Heck, I live in NY and cannot think of a gun shop that makes people disarm before they enter. First of all, in nY I guess that would be illegal in some places, for instance NYC. If you have a permit you have a permit to carry not to leave it in your car. Certainly it would at least be a major liability. Imagine a dirt bad finding out that anyone going into a gun store must be unarmed. A few things could happen. If the bad guy wants to rob the store, he has only employees to worry about for the most part. Second, if he is without much courage as are most, then maybe he will hit the easier target, all the cars of people he saw go into the gun shop within the last five minutes. Heck, if he was watching he even knows where you stashed your gun. Now if he gets your gun out of your car who is at fault? First of all, you are for leaving it there but, some of the onus likely will fall on the gun shop owner (almost guaranteed in civil court).That is a plainly ridiculous requirement.
As far as what someone said about unloading at the range, I never unload my carry firearm at the range, only those that are meant to be fired while there. My carry piece stays on my hip (unless I am shooting it too but even then it does not get unloaded). Then again, no one is telling you not to enter with a firearm, and no one prevents you from ultimately loading it and firing it. So the analogy of the range to the prohibitive gun shop does not hold water.
I would have walked away from that gun shop, gone to another, bought all of my supplies there, gone to a Kinkos, made a photocopy of my receipt, then brought the photocopy back to the people in the 'no guns' gun store so they could see the business they lost by their rule which they obnoxiously posted next to a poster of the enemies of our rights. That sign next to the other was no funny coincidence. I find many gun store owners to be in it only for the buck and, not at all to help support our right to have firearms. I recently stopped using a guy who required me to show my creds to buy a certain caliber of pistol ammo. I have been shopping at his store for years, he knows I am a fed, yet he demands to see my creds when I buy 32 Auto because, according to him, it is a bad guy round. I can buy a case of 9mm from him without showing any ID, but noit 32 auto.

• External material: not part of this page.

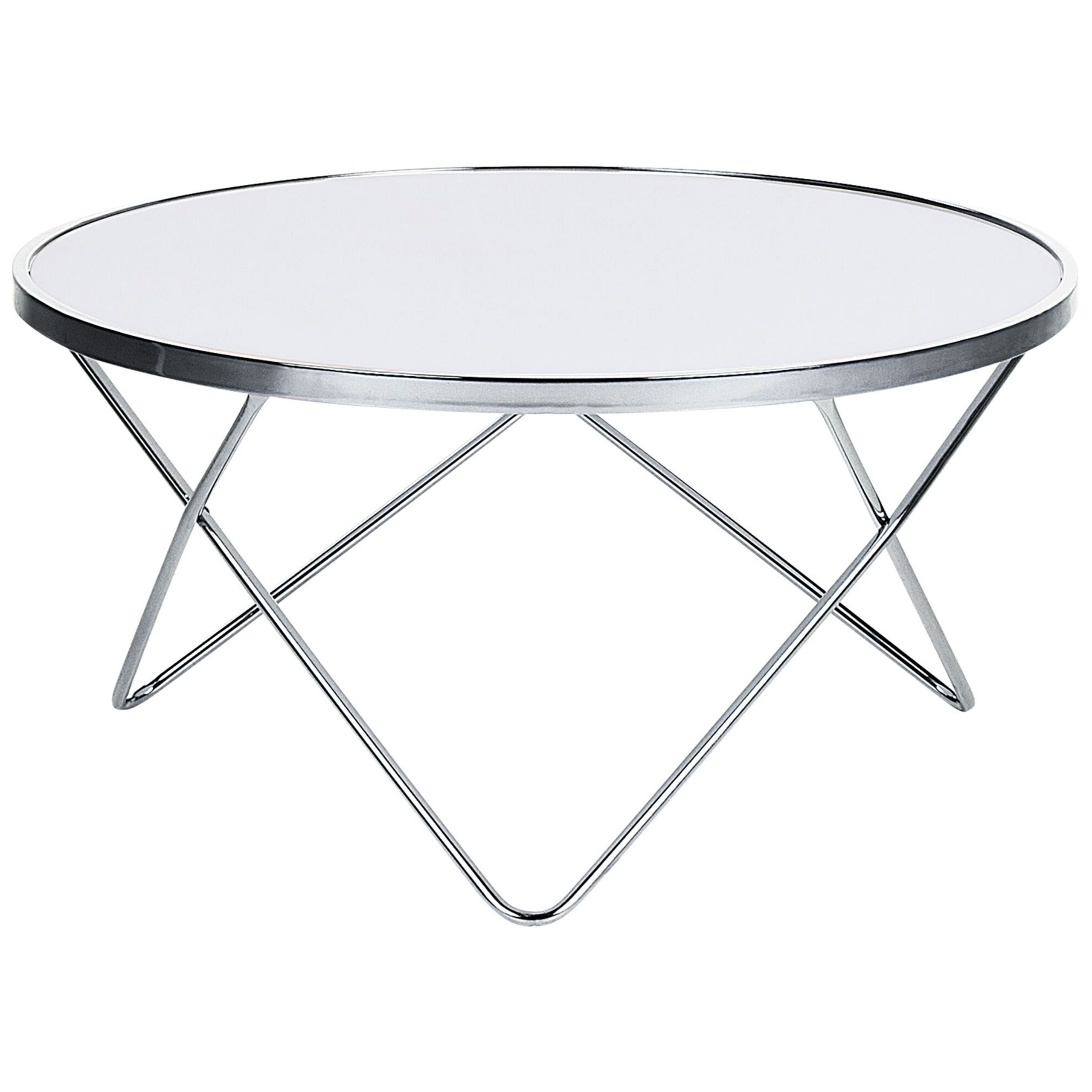 Glamour-tyylinen pyöreä sohvapöytä. Tällä sohvapöydällä tuot olohuoneeseesi art deco -tyyliä ja vuosisadan puolivälin hohtoa. Pyöreän pöydän hopeiset metallipinnijalat ja valkoinen karkaistu lasitaso antavat muotoilulle ylellisen ja rikkaan ilmeen. Tämä ajaton sohvapöytä täydentää mitä tahansa modernia, glamour- tai retrotyylistä sisustusta kiiltävän viimeistelynsä ansiosta.

Not much by the way of customer relations. I found a friendlier source, that is also less expensive. Guess where I shop now. Think about that gun shop owner, he thinks and espouses that 32 auto is a bad guy round! What does that do to boost the craziness of the anti-gun nuts? What does that say about his knowledge or lack of knowledge aboiut bad guys and guns and ammo? What does that say about what he really thinks of his customers? I shop elsewhere now and, he can take the 32 Auto and sit on it.
The thing that gets me is that many of you here seem to put up with, or even support, stuff like this from gun shop owners. Sure htey can run their shops as they please, but if it would not please most of their customer base (and the customers let them know this) then you would see how quickly that rule would change. People have to let these shop owners know, in polite but certain terms that such is not acceptable. If they hear it enough, and if they see a dropoff in customers who return, they will change that kind of a rule.